By outsourcing seasoned managed care account executives, your organization can decrease time-to-onboard-and-contribute without adding to organizational headcount, while increasing speed to:
- Target account identification and prioritization
- Conduct top-line medical content discussions with appropriate payer customers
- Negotiate for optimal coverage policies based on approved rules of engagement
Step 6: Breaking through patient access barriers
Even though you may have created an incredible therapy, received FDA approval, and secured formulary placement, if patients can’t gain access, your time and investment has been wasted.
Due to proactive and early examination of the patient access, coding, and payment methodologies shaping our product’s position, the key in this step is ensuring you can help providers and appropriate patients gain product access at the individual level.
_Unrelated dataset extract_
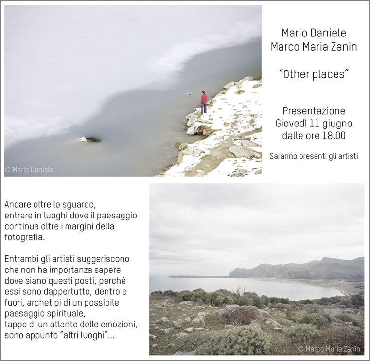 VisonQuesT Contemporary photography presenta, come ultimo progetto di fine stagione, “Other Places” di Mario Daniele e Marco Maria Zanin. I due artisti sono legati al tema del paesaggio ed entrambi, con mezzi differenti sia per tecnica sia per contenuto, affrontano questo tema “storico” della Fotografia in modo particolare e innovativo, staccandosi dagli schemi, scavando oltre quello che vediamo e facendoci entrare in luoghi dove i paesaggi continuano oltre i margini della fotografia.

In short, you need a field reimbursement team.
The top two key areas that challenge provider offices are practice reimbursement/financial challenges and increasing complexity of care. Outsourcing a team of experts in provider education and reimbursement has proven to be highly effective in ensuring provider offices understand not only how to properly acquire the product but also get reimbursed.
Every field reimbursement team is hand-selected and built by meeting key criteria:
- A minimum of 5 years of experience in public or private third-party reimbursement arena, practice management, or pharmaceutical industry
- Understanding national, regional, and local health policy
- Possess extensive experience with specialty products
- Has deep knowledge of payer payment systems
- Understands practice revenue cycle management
- Is degreed or possesses equivalent practice management experience
- Certified through one or more of the following:
Registered Nurse (RN)
Certified Hematology and Oncology Coders (CHRONC)
Licensed Vocational Nurse (LVN)
Radiology Coding (RCC)
Medical Technologist (MT)
Physical Agent Modalities (CPAM)
Certified Medical Practice Manager (CMPE)
Certified Professional Coder (CPC)
Registered Pharmacist (RPh)
Certified Pharmacy Technician (CPhT)
Certified Professional Medical Auditor (CPhT)
Certified Medical Office Manager (CMOM)
Certified Evaluation and Management Coder (CEMC)
Cardiovascular Technologist (CVT)
Six Sigma
These valued specialists teach practice management staff optimized methods in coding, billing, and successfully navigating patient access challenges. And as a result, products with field reimbursement management teams consistently see greater patient access with a significant reduction in incomplete insurance verification forms.
Being an emerging biopharma company means facing some very big decisions. You’ve taken an idea from discovery to development to regulatory filing. But how do you ensure your commercialization path forward is strategically sound every step of the way? One point of contact can guide you effectively through the six key steps outlined above, and work with a market access partner ready to connect you with experience, expertise, and a strategy specifically designed for emerging biopharma.